Scoop -- the swiss army chainsaw of content management
Front Page · Everything · News · Code · Help! · Wishlist · Project · Scoop Sites · Dev Notes · Latest CVS changes · Development Activities
Formatting for the HTML challenged. Feature Requests
By fsterman , Section Wishlist []
Posted on Sun Jun 02, 2002 at 12:00:00 PM PST
For some it is rather difficult to write a story, people that have no coding experience can be left out in the cold when it comes to formatting a submission. In this "story" I point out a semi elegant solution for the HTML inhibited.
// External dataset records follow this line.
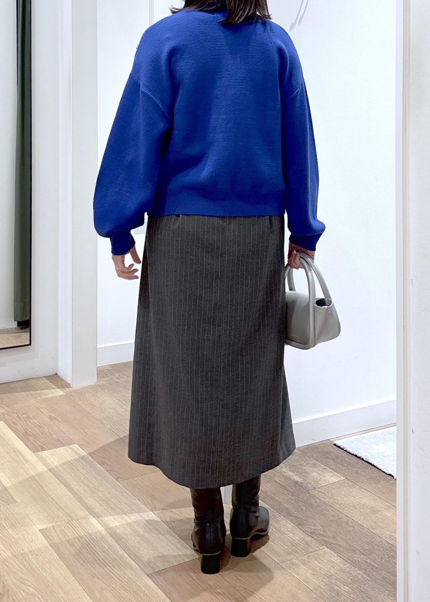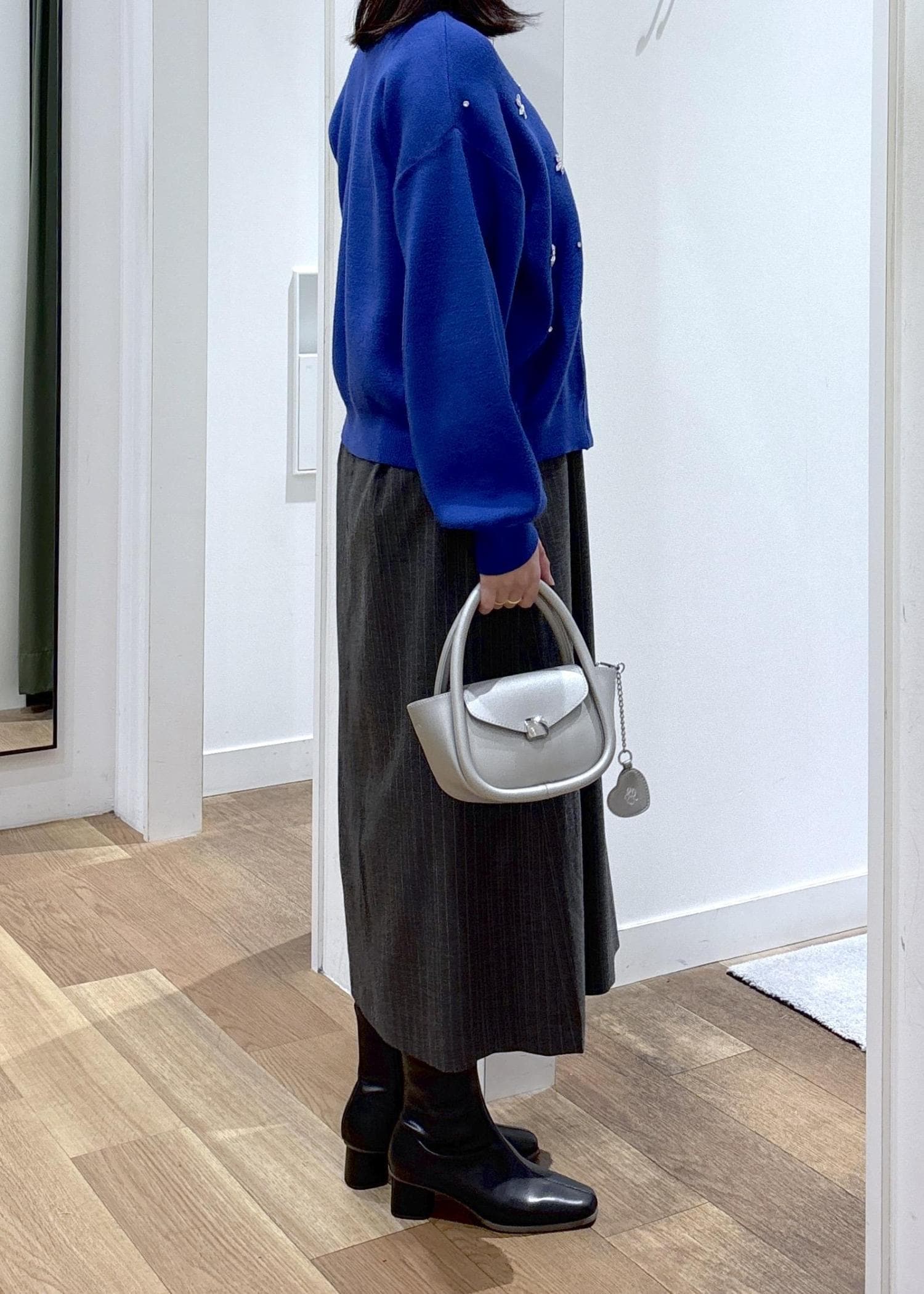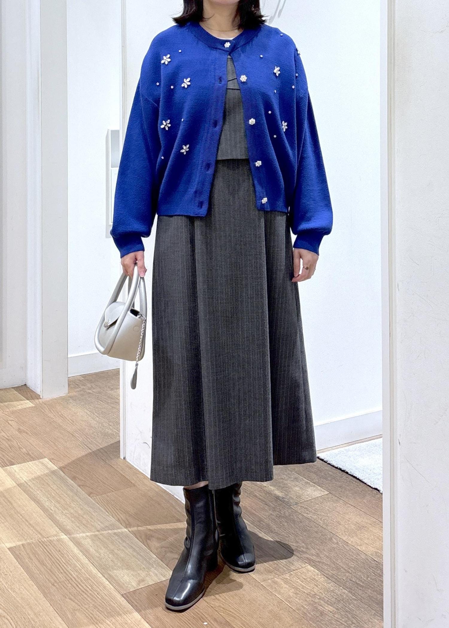 鮮やかなブルーとビジューが華やかなカーディガンに、
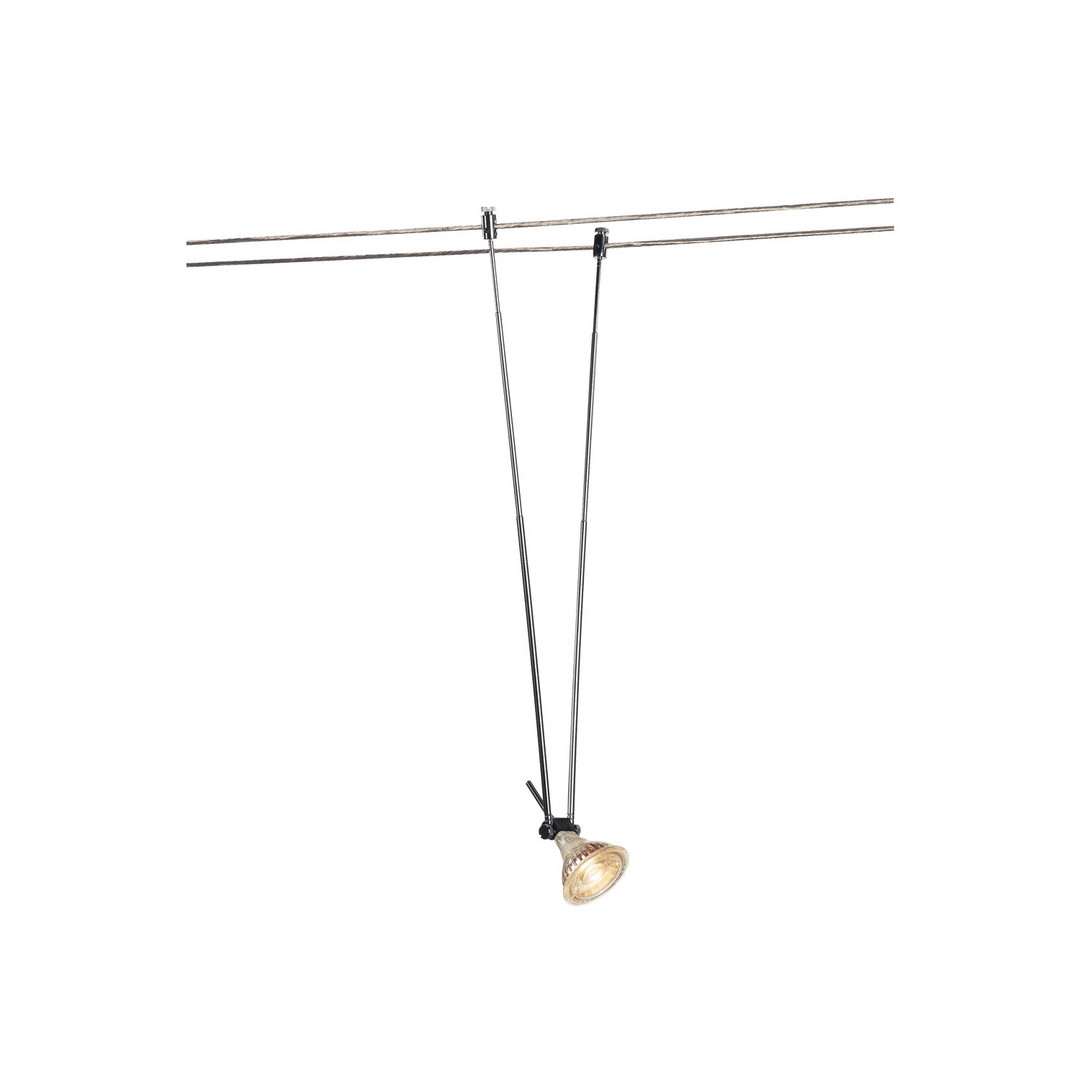 TELESKOP Strahler für das Niedervolt Seil-System dessen Halogen- sowie LED-Leuchtmittel kompatible GX5,3 Fassung an zwei schwenkbaren, Teleskopstäben befestigt ist. Der kompatible Seilabstand liegt bei 15,5 cm.
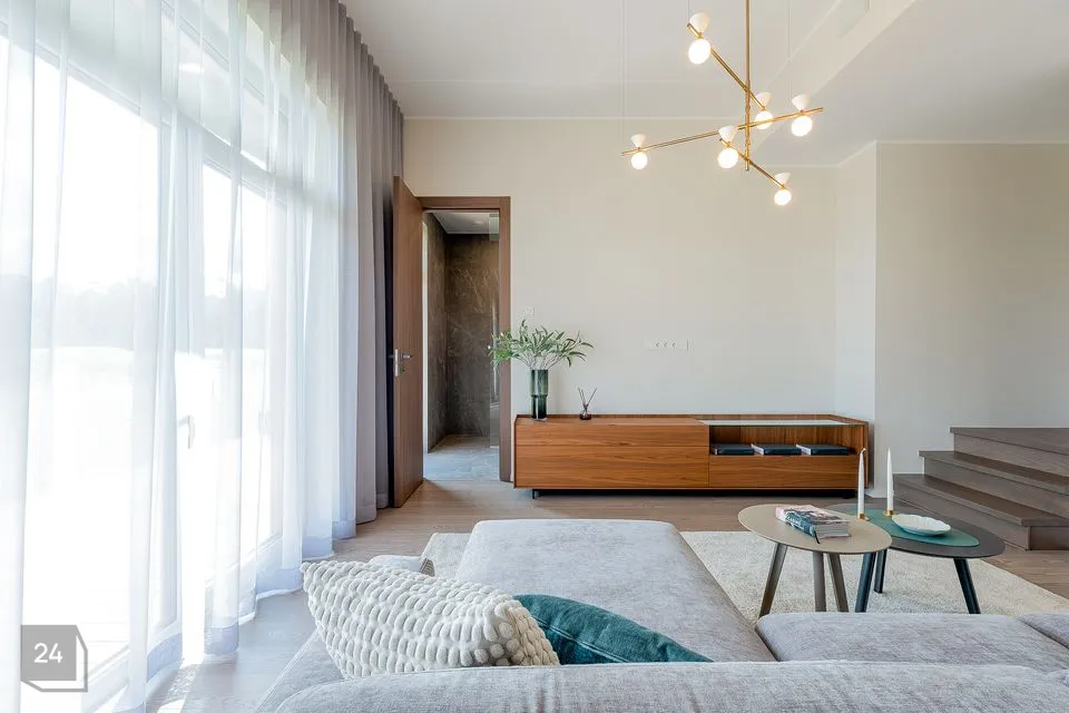Rooms are full of calm and ageless elegance, which in its unpretentiousness is extremely luxurious. Minimalistic furniture is harmonious and stylish, the selected items complement the high-quality and beautiful interior.
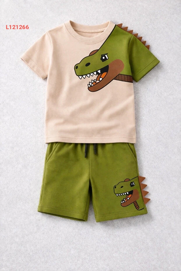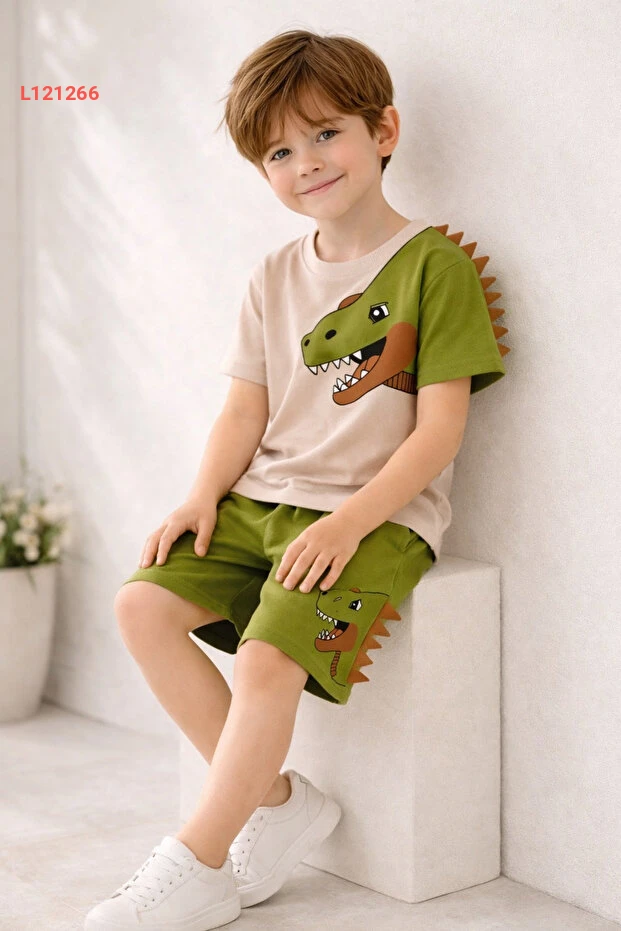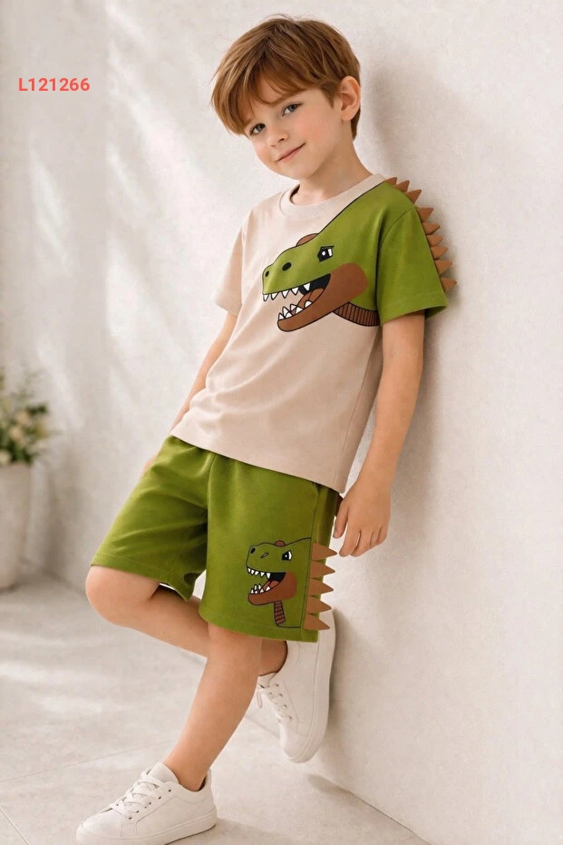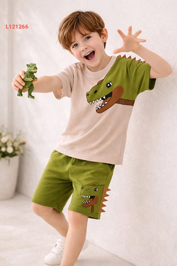 طقم أولاد بeka Kids: شورت وتيشيرت قصير الأكمام بطبعة ديناصور
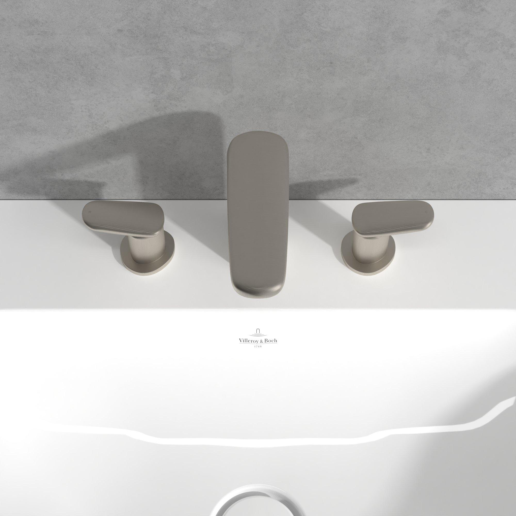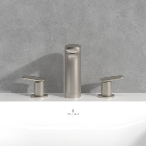 Villeroy & Boch Antao Driegats wastafelkraan - met Push-Open afvoergarnituur - Matt Brushed Nickel (RVS)
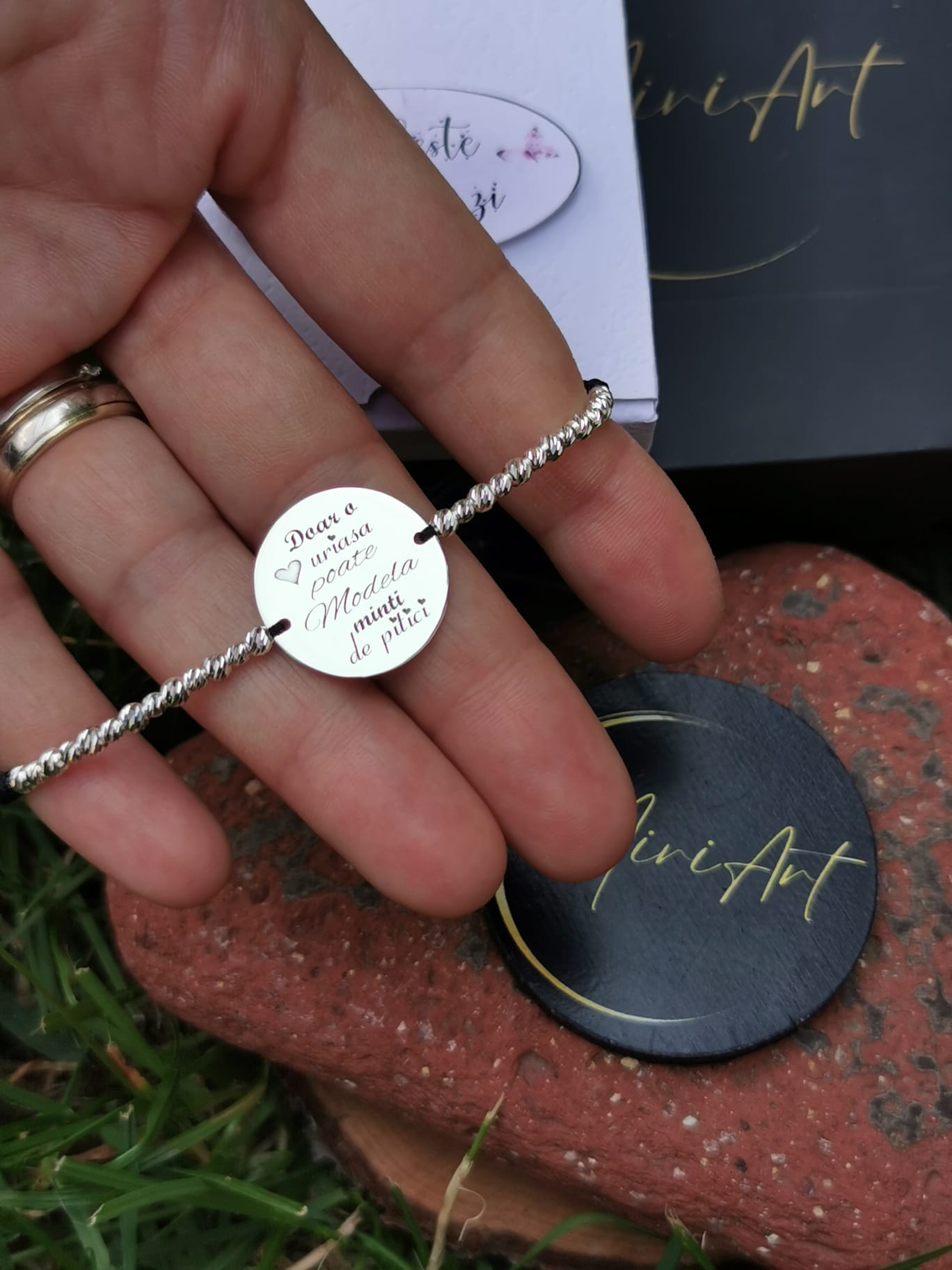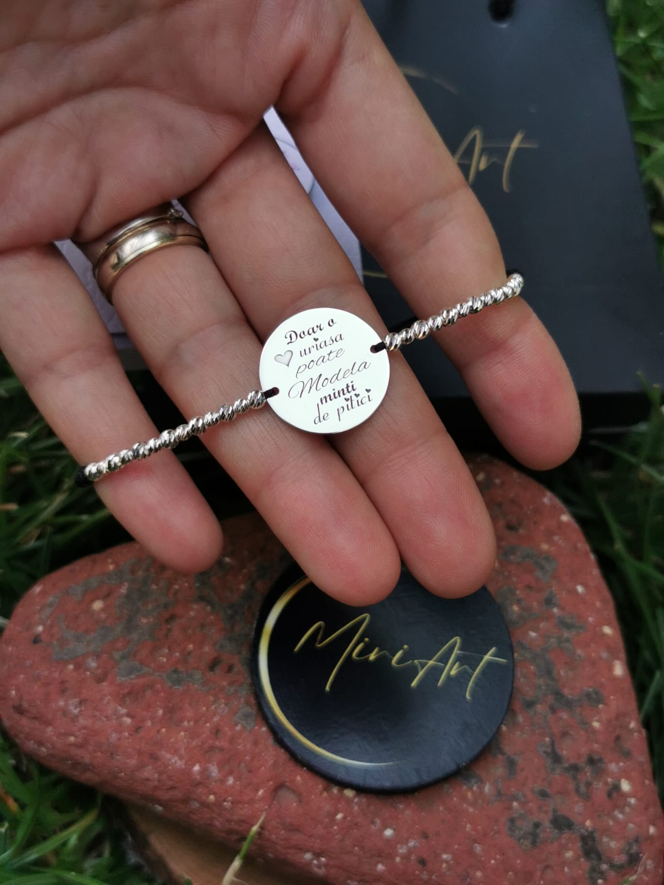 Brățară handmade cu pandantiv din argint925 gravat, 14 sfere de 3mm argint925, 2 sfere de 2,5mm argint925, 2 sfere de 2mm argint925 și închidere reglabilă, cu noduri.

Many people have written in with cries of hatred toward HTML. These are usually people that have no coding experience but still wish to format their submissions. It is understandable, writing in HTML can be clunky for those not used to coding. It is frustrating since to get the desired emphasis one must type shift+comma, b, shift+period, WORD, shift+comma, slash, b, shift+period making a submitter perform up to 9 more tasks than they usually do just to make one word bold. We have tried to shorten the process by making auto-formatting an option, using other special characters for formatting. In doing this we have reduced the required number of actions from 11 to 4 (shift+8, WORD, shift+8), reduced the number of characters we can use, and still have not eliminated the need to learn a new way of typing. This method still technically is programming, just a less clunky form of it.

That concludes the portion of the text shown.